Toen het al ochtend geworden was, stond Jezus aan de oever, maar de discipelen wisten niet dat het Jezus was.
Johannes 21 vers 4
Niet lang na de opstanding van de Heere Jezus zei Petrus tegen een paar medediscipelen dat hij wilde gaan vissen. Hoewel de Heiland hem had geroepen om Hem te volgen en visser van mensen te worden, keerde hij terug naar zijn oude beroep. Het gevolg was dat de ogen van de discipelen voor hun Meester werden verduisterd.
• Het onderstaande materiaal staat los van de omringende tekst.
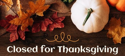 The library will be closed for Thanksgiving, Thursday, November 27th through Saturday, November 29th. We are closed on Sundays and Mondays. We will reopen as normal on Tuesday, December 2nd.

Ze herkenden Hem niet.
Bij onze bekering hebben we met ons vroegere leven gebroken en ons van de wereld afgezonderd. Hoe gemakkelijk kunnen we na verloop van tijd, als het ‘eerste vuur’ een beetje is gedoofd, bepaalde dingen weer in ons leven toelaten! Wat is het gevolg? We verliezen de Heere Jezus uit het oog!
Toen we ons inspanden om vissen te vangen, en dat helemaal niet lukte, begrepen we niet eens dat de Meester daardoor tot ons sprak! We verzetten ons ertegen en vonden de tegenslag oneerlijk.
Gelukkig liep de Heere Jezus niet weg. Hij wachtte op de oever en sprak de discipelen aan. Hij wil ons terugbrengen. Zijn geduld is Goddelijk groot!